(Stored items from a collection)
▼
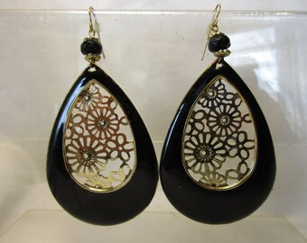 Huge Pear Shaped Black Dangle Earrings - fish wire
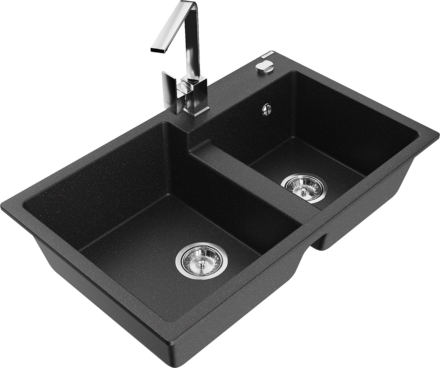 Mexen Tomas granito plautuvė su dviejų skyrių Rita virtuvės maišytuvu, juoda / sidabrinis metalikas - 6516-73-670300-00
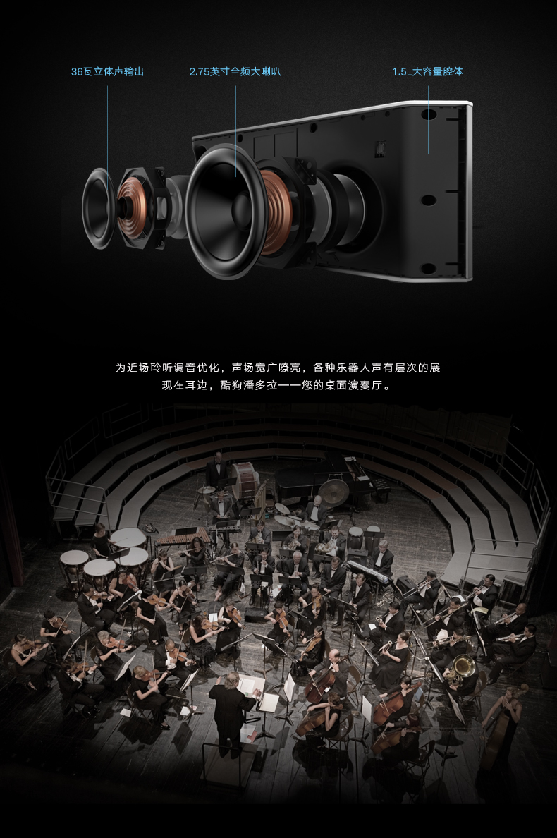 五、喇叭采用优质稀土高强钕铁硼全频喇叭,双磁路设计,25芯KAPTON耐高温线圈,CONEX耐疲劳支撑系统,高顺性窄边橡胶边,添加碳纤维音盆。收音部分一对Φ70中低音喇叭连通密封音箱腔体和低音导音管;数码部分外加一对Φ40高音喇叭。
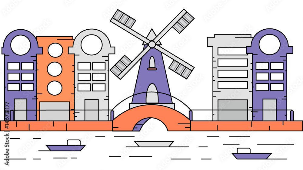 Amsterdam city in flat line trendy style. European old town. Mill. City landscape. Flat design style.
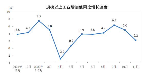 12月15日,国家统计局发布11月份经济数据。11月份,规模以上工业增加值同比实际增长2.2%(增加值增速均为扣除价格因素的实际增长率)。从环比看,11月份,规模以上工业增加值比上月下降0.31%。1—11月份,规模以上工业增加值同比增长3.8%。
▲
Your copy should hold only the lines above from the one containing "Mexen Tomas granito" through the one containing "Amsterdam city in", exactly as written and free of pictures.

(Your solution):
 Mexen Tomas granito plautuvė su dviejų skyrių Rita virtuvės maišytuvu, juoda / sidabrinis metalikas - 6516-73-670300-00
 五、喇叭采用优质稀土高强钕铁硼全频喇叭,双磁路设计,25芯KAPTON耐高温线圈,CONEX耐疲劳支撑系统,高顺性窄边橡胶边,添加碳纤维音盆。收音部分一对Φ70中低音喇叭连通密封音箱腔体和低音导音管;数码部分外加一对Φ40高音喇叭。
 Amsterdam city in flat line trendy style. European old town. Mill. City landscape. Flat design style.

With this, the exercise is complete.